*Work order:* Exactly as written, set down each line of the data below except its pictures.

Given material below:

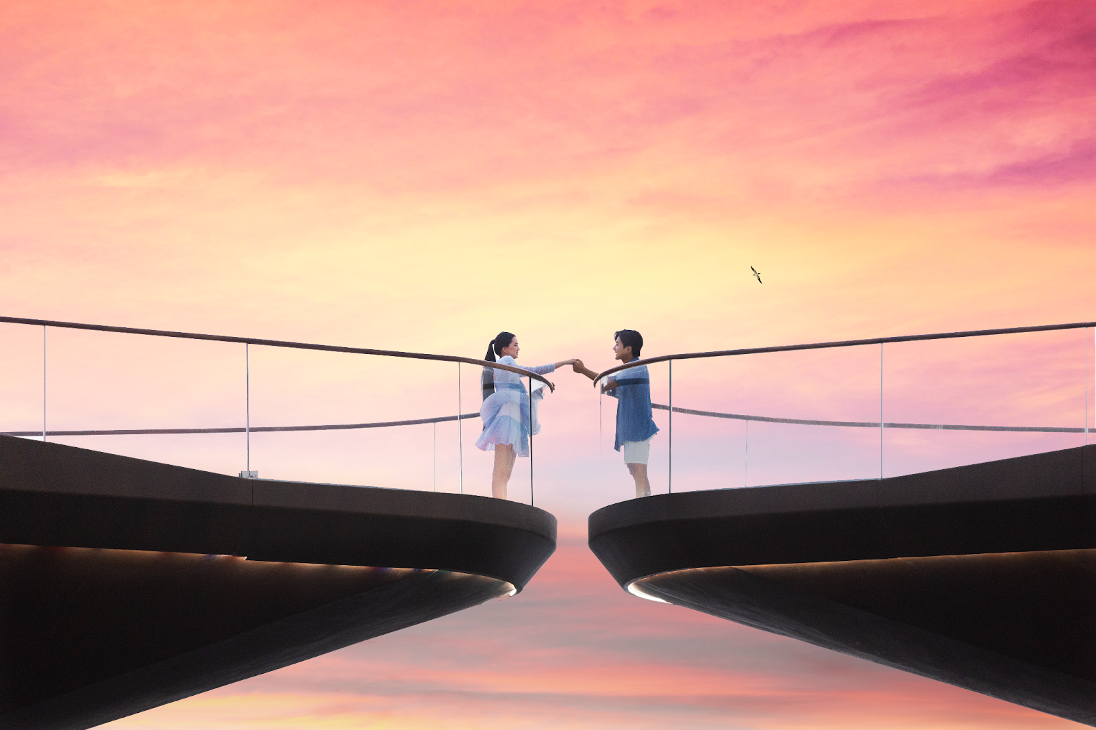 Cầu Hôn gồm hai nhánh cầu North Wing và South Wing (nhánh cầu phía Bắc và Nam), có tổng chiều dài 800m, cùng hợp thành một thể thống nhất nhưng hai mũi cầu không chạm nhau. Khoảng cách ấy vừa vặn cho một cái ôm, một cái bắt tay hay một nụ hôn đầy si mê trong ánh hoàng hôn. Vì thế Cầu Hôn còn có tên gọi thân mật là “Chạm”, tựa như lời nhắn nhủ rằng chỉ có sự khao khát kết nối của con người, mới có thể lấp đầy khoảng trống của sự chia cắt.
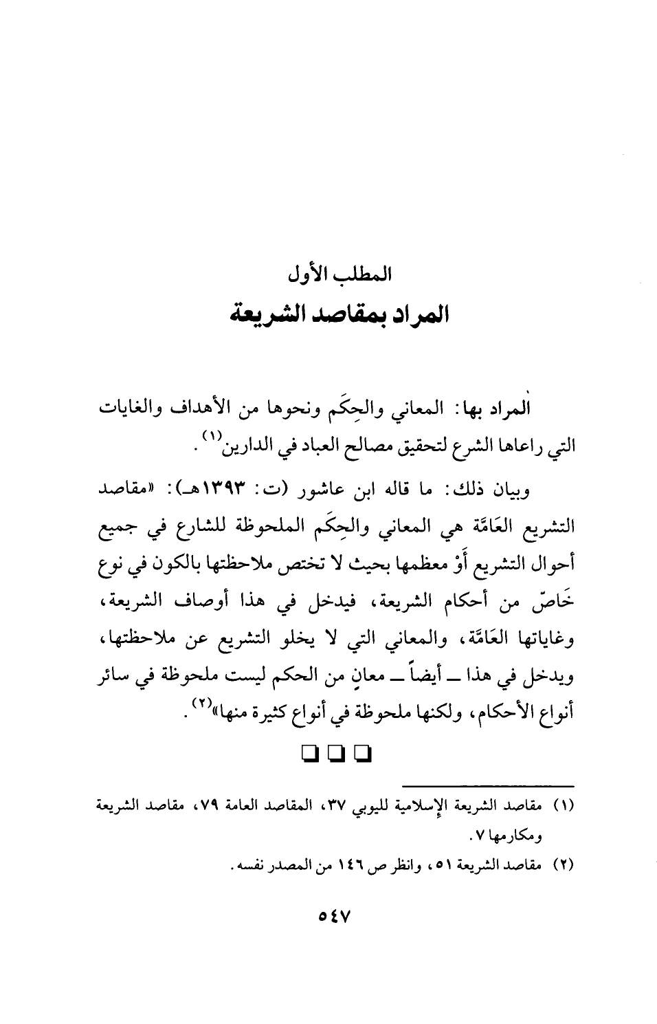 (¬1) مقاصد الشريعة الإِسلامية لليوبي 37، المقاصد العامة 79، مقاصد الشريعة ومكارمها 7.
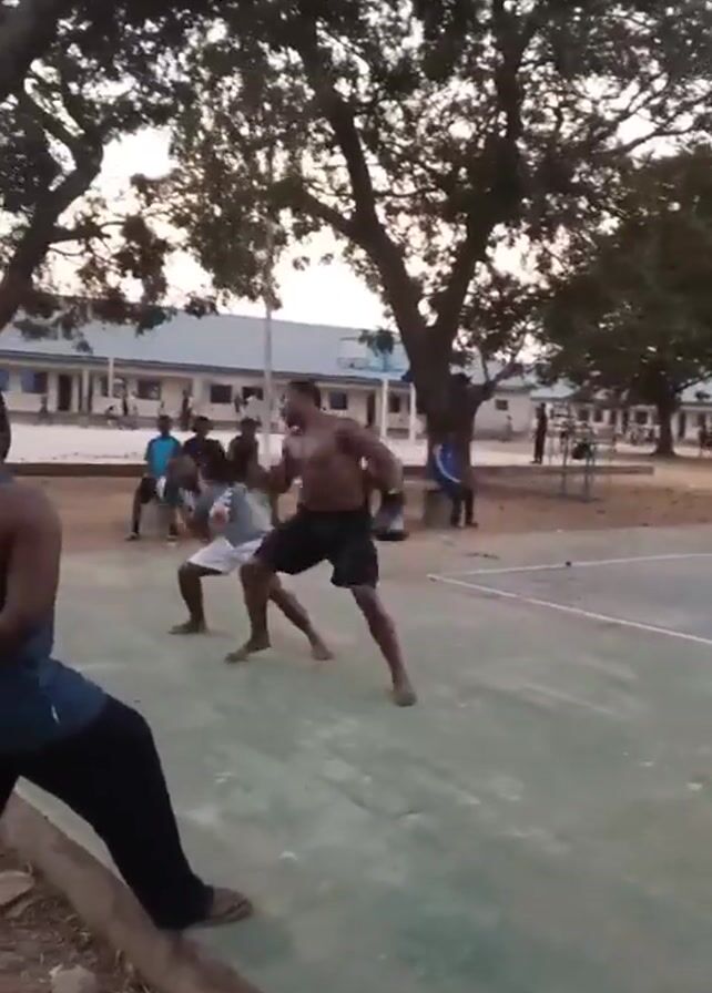 two men sparring, or practicing boxing, on an outdoor green court. One man wears grey shorts and a grey tank top, along with boxing gloves, while the other man wears black shorts and no shirt, also with boxing gloves. They are barefoot. There are other people watching them from the sides of the court, some sitting on benches and others standing. There are also trees surrounding the court, and a building can be seen in the background. One man is sitting on the edge of the court in the foreground, facing away from the camera. The light suggests it is late afternoon or early evening.

End of Given material.

*Answer box:*
 Cầu Hôn gồm hai nhánh cầu North Wing và South Wing (nhánh cầu phía Bắc và Nam), có tổng chiều dài 800m, cùng hợp thành một thể thống nhất nhưng hai mũi cầu không chạm nhau. Khoảng cách ấy vừa vặn cho một cái ôm, một cái bắt tay hay một nụ hôn đầy si mê trong ánh hoàng hôn. Vì thế Cầu Hôn còn có tên gọi thân mật là “Chạm”, tựa như lời nhắn nhủ rằng chỉ có sự khao khát kết nối của con người, mới có thể lấp đầy khoảng trống của sự chia cắt.
 (¬1) مقاصد الشريعة الإِسلامية لليوبي 37، المقاصد العامة 79، مقاصد الشريعة ومكارمها 7.
 two men sparring, or practicing boxing, on an outdoor green court. One man wears grey shorts and a grey tank top, along with boxing gloves, while the other man wears black shorts and no shirt, also with boxing gloves. They are barefoot. There are other people watching them from the sides of the court, some sitting on benches and others standing. There are also trees surrounding the court, and a building can be seen in the background. One man is sitting on the edge of the court in the foreground, facing away from the camera. The light suggests it is late afternoon or early evening.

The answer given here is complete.